For at least some of the kinds of data analytics performed in Julia, it may be possible to expect the programmer to write and execute their own query plan - that is, to understand their data model, to predict the "statistics" regarding the size of and other properties of the data, and to come up with their own rough order of operations that may be efficient. Thus, we may not need to implement a complete query planner to make a viable platform for data analytics in Julia - however, we will absolutely need acceleration indices to perform each elementary operation fast. In the worst case, the programmer would have to construct their own hash-maps and sort-indices (and use them in their own hand-written loops) to obtain peak performance.
The AcceleratedArrays package exists to provide a way of attaching secondary acceleration indices to any array in Julia, to speed up operations such as filter
, findall
, group
and innerjoin
in a transparent and generic way. These acceleration indices can be attached to arbitrary columns (or indeed, entire Table
s). These indices remain silently attached to their parent array until they encounter an operation they can accelerate.

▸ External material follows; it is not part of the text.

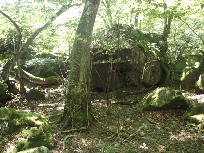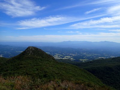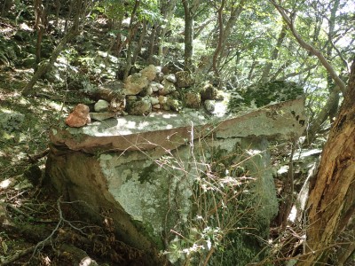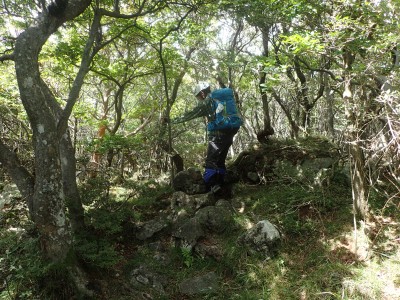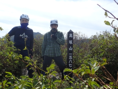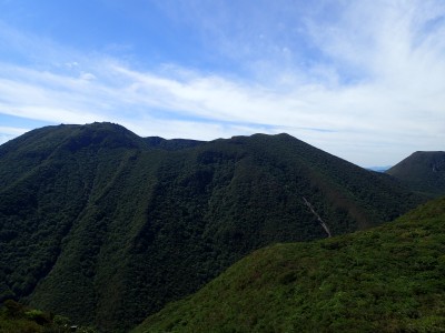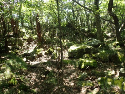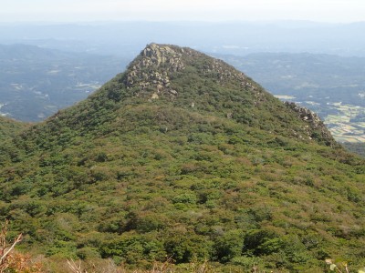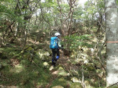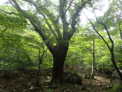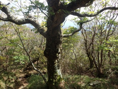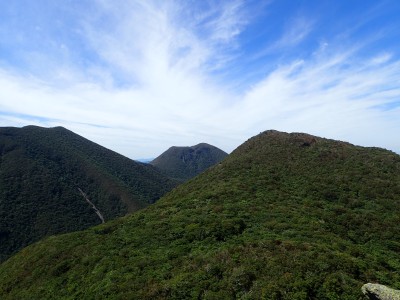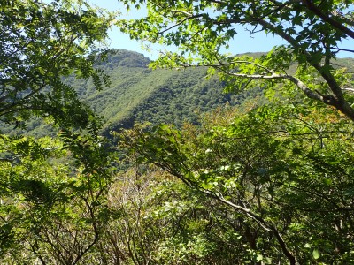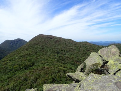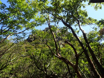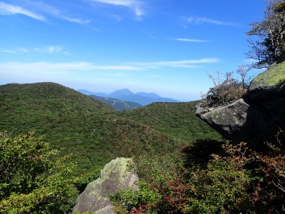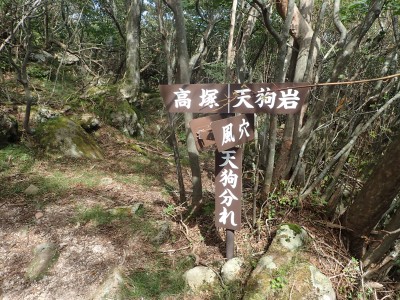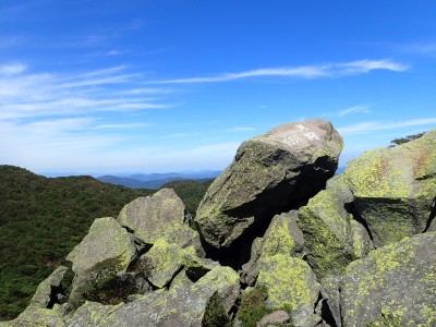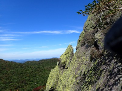 私たちは風穴で少々早いランチを済ませる。さあ出発しようとしたら先ほどの家族と思われる方達が無事に到着した。軽く会釈をして登り始める。ここからの急登はガレ場ザレ場なので落石に注意だ。それにしてもこの急登はきつい、こんなにきつかっただろうか、やはり体力が落ちているのだろう。後方のY氏は平然としている。ようやく天狗分れに着く。しばらく樹林の中を歩き巨石の積み上がった岩山をよじ登る。頂上からの展望はもちろん絶景だ。ここまで女子単独者に出合ったが降るときも女子単独者に出合う。黒岳と言う険しい山を若い女の子が一人で大丈夫なのだろうか・・・・。往路を天狗分れまで戻り、黒岳最高峰高塚山へと必死に登る。そう、もう必死だ。灌木の中、狭い山頂に立つとやはり絶景だ。先客は男性1名。とても静かな黒岳だ。

The user is free to write generic code to execute their query, and the presence of the acceleration index will only act to speed up the resulting specialized algorithm constructed by Julia's compiler.
This system allows for an extensible set of acceleration indices - such as accelerated spatial lookup using a spatial search tree, or an inverted index for searching for words in text fields.
Note: by default, the innerjoin
operation will construct a hash-based index to perform a join on two unindexed data sources, meaning most basic data operations can be achieved at reasonable speeds.